Whenever Formula 1 comes to Japan in the midst of a title fight, comparisons to the past are inevitable. There was that rain-soaked duel in 1976, forever cast in history (and CGI) by Ron Howard. Also 1989 and 1990, when a certain Brazilian and his French teammate had it out in matching McLarens. Sunday’s F1 Japanese Grand Prix wasn’t that.
Starting from pole, Nico Rosberg jumped out right away. Beside him, in the other Mercedes-AMG car, Lewis Hamilton flubbed the start (again) and dropped back to eighth place. He spent the following 52 laps clawing back, but to no avail. The Brit finished third, unable to overtake Red Bull’s Max Verstappen during the race’s final act.

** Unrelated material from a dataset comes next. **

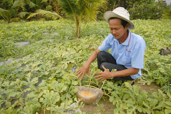 Theo ông Liêm, dưa hấu trồng khoảng 2 tháng 15 ngày có thể thu hoạch. Để tạo dáng cho quả dưa theo ý muốn thì khi xuống giống khoảng 25 ngày, lúc dưa bắt đầu ra trái, ông đã chọn quả, cho vào khuôn, tạo dáng dần dần.

After taking the checkered in Japan, Rosberg now commands a 33-point lead in the driver standings. With four races remaining, Hamilton’s odds of repeating as World Championship are dwindling fast. (But, hey, at least his Snapchat feed is on fleek.)
Other notables: Sebastian Vettel drove like hell, but was hampered by silly Ferrari tire strategy and backmarker traffic (his favorite!), landing in fourth. He was followed by teammate Kimi Räikkönen, then last weekend’s race winner Red Bull’s Daniel Ricciardo. The Force Indias of Sergio Perez and Nico Hulkenberg were seventh and eighth, respectively. Felipe Massa and Valtteri Bottas in the Williams cars rounded out the top-ten.
The Haas F1 Team, America’s team, lined up Sunday on a high note, having qualified eighth and tenth. It almost translated to points, as Romain Grosjean crossed the line just 0.9s behind Bottas. Esteban Gutiérrez got tangled up with a Torro Rosso car early, spun out, and failed to recover. He finished 20th.
It’s worth relaying that Mercedes is protesting the race results. The team claims Verstappen, who put some gnarly defensive moves on Hamilton in the final laps, was driving “erratically and in a dangerous manner.” That shouldn’t stick, but this is the FIA, so who knows, really. If Mercedes has its way, Hamilton will get an ex post facto bump to second place, and credited with points accordingly.
Expect the ruling to come down this afternoon.